### Exercise details
Your job is to set down the stretch of entries that opens with the line containing "Комплект состоит из" and closes with the line containing "В квартире вып". Keep both end lines, copy each exactly, and add nothing.

### Exercise data
--*--

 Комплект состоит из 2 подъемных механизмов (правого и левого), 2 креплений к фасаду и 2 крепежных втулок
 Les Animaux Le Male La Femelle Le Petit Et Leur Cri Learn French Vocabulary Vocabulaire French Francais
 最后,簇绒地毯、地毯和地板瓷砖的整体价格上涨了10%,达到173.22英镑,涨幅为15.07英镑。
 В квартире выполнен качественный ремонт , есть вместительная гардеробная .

--*--

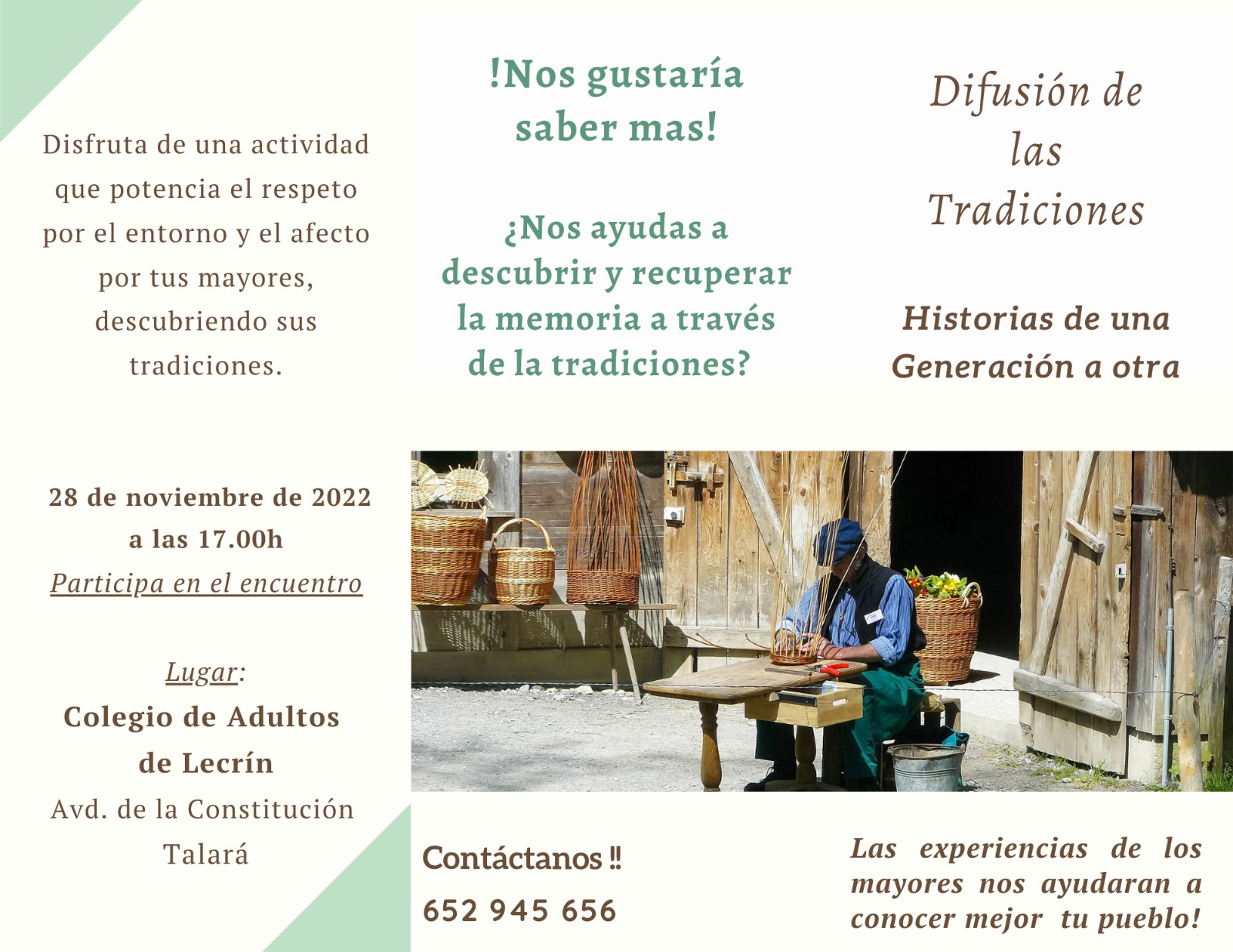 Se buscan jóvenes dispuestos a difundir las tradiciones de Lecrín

--*--

### Output of the exercise
 Комплект состоит из 2 подъемных механизмов (правого и левого), 2 креплений к фасаду и 2 крепежных втулок
 Les Animaux Le Male La Femelle Le Petit Et Leur Cri Learn French Vocabulary Vocabulaire French Francais
 最后,簇绒地毯、地毯和地板瓷砖的整体价格上涨了10%,达到173.22英镑,涨幅为15.07英镑。
 В квартире выполнен качественный ремонт , есть вместительная гардеробная .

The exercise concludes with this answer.